Western Morning News, pg. 1: One fine every five minutes

Monday, 11 May, 2009

Westcountry motorists were issued with a fine every five minutes - raking in an estimated £5.7 million for the Government - according to latest figures released by the Home Office.

Devon and Cornwall Police issued a total of 119,000 tickets for motoring offences in 2007, second only to London's Metropolitan Police. It was also second in the table after dishing out 62,549 speeding tickets.

The Met, which has 31,000 police officers, serves a population of around 7.4 million people. Devon and Cornwall Police, which has 3,500 officers, serves an estimated 1.5 million people.

Geoffrey Cox, MP for Torridge and West Devon, described the figures as "extraordinary".

"It is alarming to hear that we are the second highest in the country," he said.

He added: "The public will be understandably suspicious of that level of fines and will want substantial reassurance that they are not for revenue-raising purposes."

In the Westcountry, £60 speeding fines rocketed from 42,467 in 2006, a rise of nearly 50 per cent.

Other recorded offences in 2007 included illegal parking (31,596), jumping traffic lights (6,279) and not wearing seat-belts (3,694). Fines - then £30 and £60 - raised an estimated £5.74 million for the Treasury.

Meanwhile, the Devon and Cornwall force was in the bottom 10 forces for the number of written warnings it issued to motorists.

It issued 138 warnings, all for unauthorised taking of theft of vehicles. None was given to those caught exceeding the speed limit.

Mr Cox said: "It seems to me that if you are really interested in improving road safety, quite often a warning, a letter, or a word of caution at the side of the road is better at achieving that objective than simply issuing a fine which many people can ill-afford.

"People respond better to a mixture of carrot and stick and simply applying the stick of a ticket is, in my view, counter-productive."

Nationally, 2.39 million tickets were issued by police in 2007.

The Metropolitan Police issued the most at 167,960. Avon and Somerset Police handed out 95,346 fines and Dorset 45,895.

Superintendent Tim Swarbrick, from Devon and Cornwall Police's operations department, said there were "a number of reasons behind" the figures. He added: "One of the main reasons it is so high is that it was the last year when we were enforcing parking.

"When you have got the population tripling in the summer, you get a lot more cars causing obstructions in small villages.

"We are also the second largest force geographically in England and Wales after Dyfed Powys."

Supt Swarbrick went on: "Educating motorists is our preferred option but we will enforce where we need to."
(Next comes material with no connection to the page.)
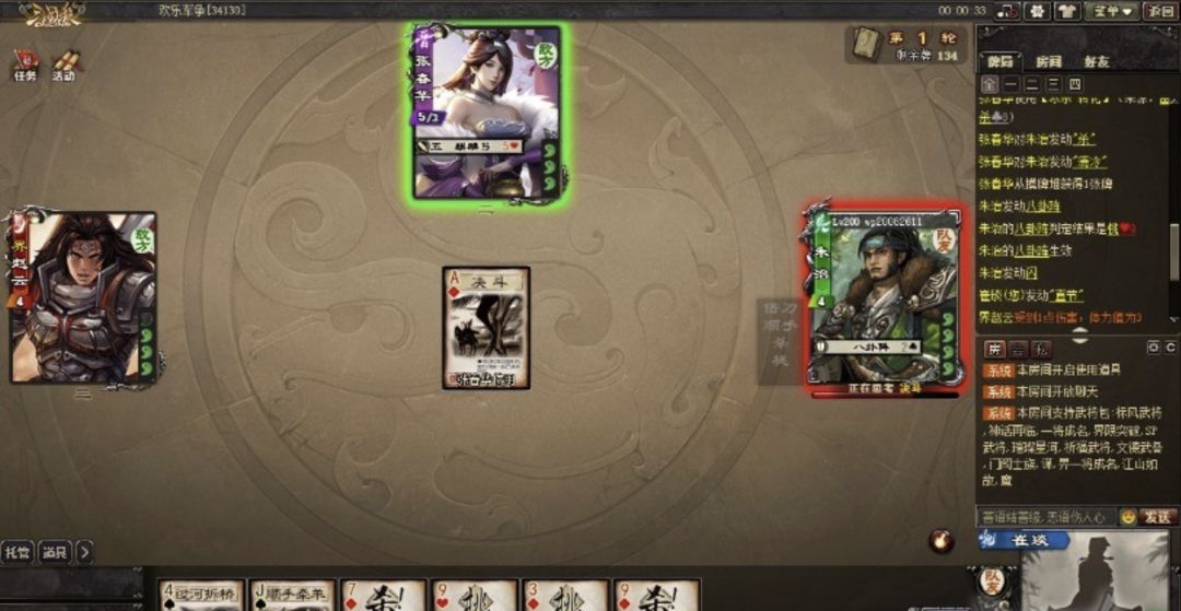 若目标角色均与你体力值相同,你摸一张牌。这里的目标角色是上面介绍的三种情况。指定自己为目标时,体力值是和自己比,所以,对自己使用的牌都可以再摸一张。单指目标时,需要判断你使用手牌时,对方体力值是否和你相同,如果相同,可以摸一张牌,因此对体力值相同的角色使用牌时,优先使用非伤害牌(顺手牵羊、过河拆桥、乐不思蜀、兵粮寸断),最后再使用伤害牌(杀、决斗、火攻),这样可以多摸牌。多指定目标的牌,在场上人数较多时,会比较难摸牌,在场上人数较少或者单挑状态下,也是有机会摸牌的。

He said that the force was involved in a number of projects to improve driver behaviour.

Enforcement was necessary if the force was to reduce the number of people killed and seriously injured on the region's roads every year.

"We lose approximately 80 people a year across Devon and Cornwall in road traffic collisions which may have been caused by people being distracted or travelling too quickly.

"That's more people than are in most pubs on a Friday night."

In the last 10 years, a total of 14.7 million speeding tickets have been handed out across the country, raising about £840 million in the process.

A total of 1,462,235 speeding fines were handed out to drivers in 2007, the latest figures available. That was double the 712,753 issued in 1997.

Matthew Elliott, chief executive at the TaxPayers' Alliance, said: "These figures show what motorists around the country have long suspected, that speed cameras are more of a cash cow than a means of administering justice.

"The fact that the number of fines is rising year on year also shows that fining is simply not an effective deterrent, and alternative methods of reducing drivers' speed should be examined."

David Ruffley , the Tory police reform spokesman, who obtained the latest figures, said: "Motorists have been treated as a cash cow and milked by a Labour Government desperate to fund a decade of spend, spend, spend.

"No wonder cameras on our roads are so unpopular with the British motorist.

"What has Labour done with this £840 million milked from the motorist?

"How much is actually put back into alternative road safety measures that do not involve speed cameras like cracking down on the scourge of uninsured drivers?"